Operation Synergia is only one of several ongoing Interpol projects. In December, it said the fourth phase of Operation Haechi concluded with almost 3,500 arrests and seizures of US$300 million (approx. €273 million) worth of assets across 34 countries and blocked 82,112 suspicious bank accounts. One high-profile online gambling criminal was arrested after a two-year manhunt by Korea’s national police agency. Investment fraud, business email compromise, and e-commerce fraud accounted for 75% of cases investigated in Haechi IV.
Operation Haechi focuses on attacking business email compromise fraud, e-commerce fraud, voice phishing, romance scams, online sextortion, investment fraud, and money laundering associated with online gambling.

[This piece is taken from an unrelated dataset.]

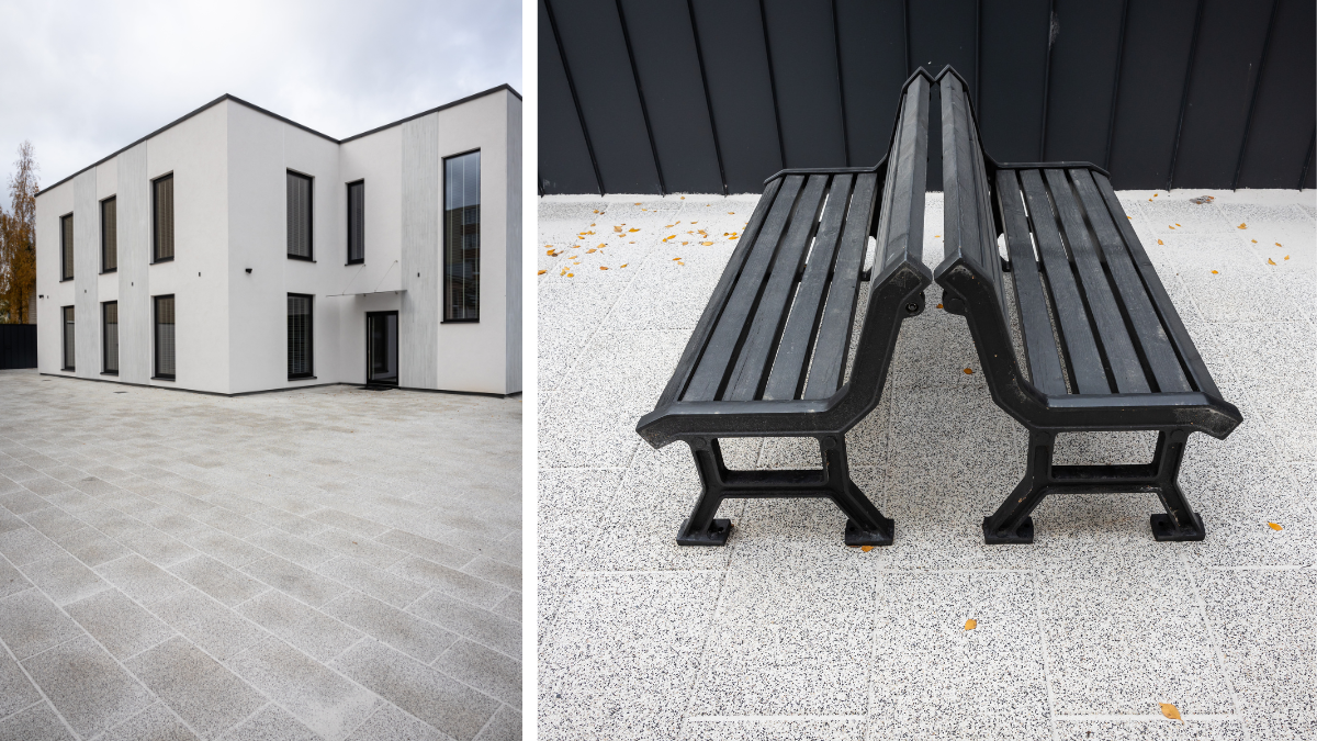 Hansa 8 Mega ir mūsdienīgs un stabils risinājums, kas lieliski piemērots gan privātmāju terasēm un celiņiem, gan publiskās ārtelpas labiekārtošanai. Tās lielais izmērs 750x375x80 mm nomierina telpu un ļauj izcelties apkārtējai videi. Taču īstā maģija slēpjas krāsas un faktūras plašajās iespējās. Apskatīsim trīs realizētus projektus, kas to lieliski pierāda.
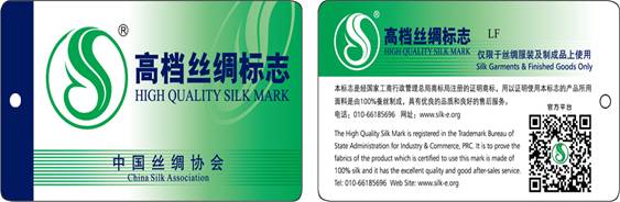 備注:最新版標簽已將舊版 “中國絲綢協(xié)會品質(zhì)認證” 中的“品質(zhì)認證”四字予以刪除,并將標簽正反面中的“高檔絲綢”改為“高檔絲綢標志”。

Meanwhile, the FBI and other law enforcement agencies are continuing to go after ransomware gangs. Their successes included penetrating the Hive gang’s computer infrastructure and providing over 300 decryption keys to Hive victims.
This week, acting on a request from the US, police in Canada arrested a man, reportedly for allegedly being involved in hacks of companies using the cloud-based Snowflake data base.
But cybercrime doesn’t seem to be abating.
According to Microsoft’s most recent Digital Defense Report, “the malign actors of the world are becoming better resourced and better prepared, with increasingly sophisticated tactics, techniques, and tools that challenge even the world’s best cybersecurity defenders.”
Cyber attacks, the report says, “are continuing at a breathtaking scale.”
“But what are the alternatives [to pursuing cybercrooks]?” asked Shipley. “If we don’t police and actively try to disrupt, we’re basically saying there’s no cost to committing cybercrime. So we have to do something. And there is good that comes from this. Is it a magic wand that though police action alone and good-old-fashioned gumshoe work and criminal prosecutions we are going to end the scourge of online crime? No. But it doesn’t mean we don’t try.”
Using technology to improve cyber defenses helps, he said, as does building hardware and software to be secure by design. But right now, crooks can make a lot of money at low risk through cybercrime. Until governments fundamentally change that equation — including doing hard things like having a serious conversation about eventually making ransomware payments illegal — that won’t change, he said.